## SUPPLIED DATA
____________________

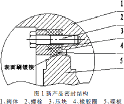 新设计的蝶阀产品密封结构如下图1。橡胶密封圈直接安装在阀体上,老产品压密封圈的整体压板改为分段压块,这样在试密封时,可以分段调整胶圈到最佳密封状态,既保证了密封,也使胶圈压缩到最小程度,有利于延长胶圈的使用寿命。
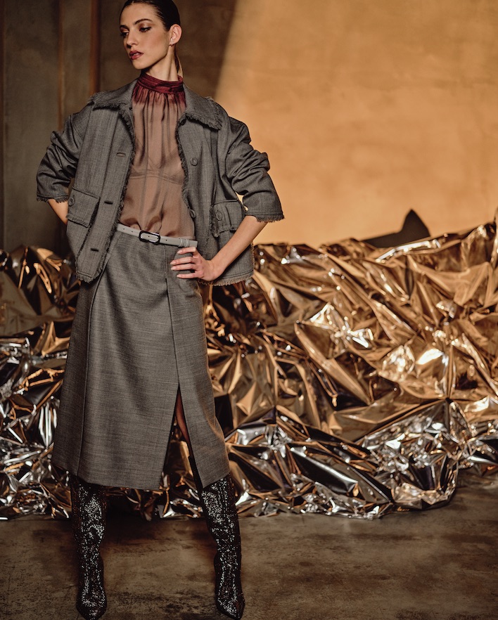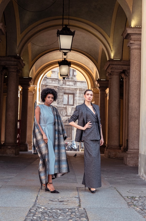 Il focus come sempre è sugli abiti che, ispirati dai nomi delle città venete, acquistano splendore e importanza: il Venezia dress è nero, in seta con una profonda scollatura bordata di velluto. Così come il Dogaressa, uno slip dress sontuoso in satin nero, con una costruzione grafica della scollatura di grande effetto. Nera è anche la maxi shirt di organza che si chiama Laguna, da indossare sopra un abito lungo essenziale e raffinato e nero ovviamente è l’elegantissimo tuxedo. Ma ci sono anche gradazioni di grigio negli abiti e completi da giorno in faille e crepella di lana.
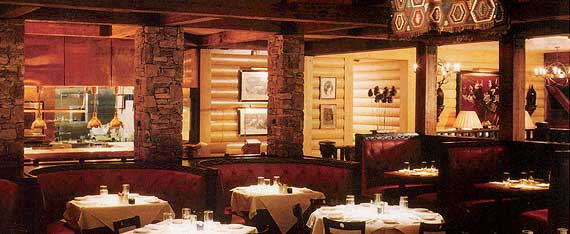 The Blue Ridge Grill is a beautiful restaurant. It looks like a ski lodge, especially this time of year when it’s all dressed up for Christmas. The stacked stone fireplace and timbers are warm and welcoming. There’s an open kitchen so you can see the chefs in action preparing your dinner. And with the red leather booths, it really is quite a classy place.
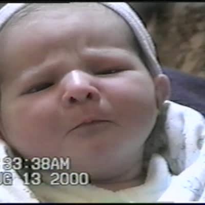 Mom is holding newborn baby boy for the camera & says "give everyone a big smile." Baby farts / poops in his diaper very loud.

____________________

## WORK REQUEST
Print the complete listing exactly, apart from any pictures.

## OUTPUT
 新设计的蝶阀产品密封结构如下图1。橡胶密封圈直接安装在阀体上,老产品压密封圈的整体压板改为分段压块,这样在试密封时,可以分段调整胶圈到最佳密封状态,既保证了密封,也使胶圈压缩到最小程度,有利于延长胶圈的使用寿命。
 Il focus come sempre è sugli abiti che, ispirati dai nomi delle città venete, acquistano splendore e importanza: il Venezia dress è nero, in seta con una profonda scollatura bordata di velluto. Così come il Dogaressa, uno slip dress sontuoso in satin nero, con una costruzione grafica della scollatura di grande effetto. Nera è anche la maxi shirt di organza che si chiama Laguna, da indossare sopra un abito lungo essenziale e raffinato e nero ovviamente è l’elegantissimo tuxedo. Ma ci sono anche gradazioni di grigio negli abiti e completi da giorno in faille e crepella di lana.
 The Blue Ridge Grill is a beautiful restaurant. It looks like a ski lodge, especially this time of year when it’s all dressed up for Christmas. The stacked stone fireplace and timbers are warm and welcoming. There’s an open kitchen so you can see the chefs in action preparing your dinner. And with the red leather booths, it really is quite a classy place.
 Mom is holding newborn baby boy for the camera & says "give everyone a big smile." Baby farts / poops in his diaper very loud.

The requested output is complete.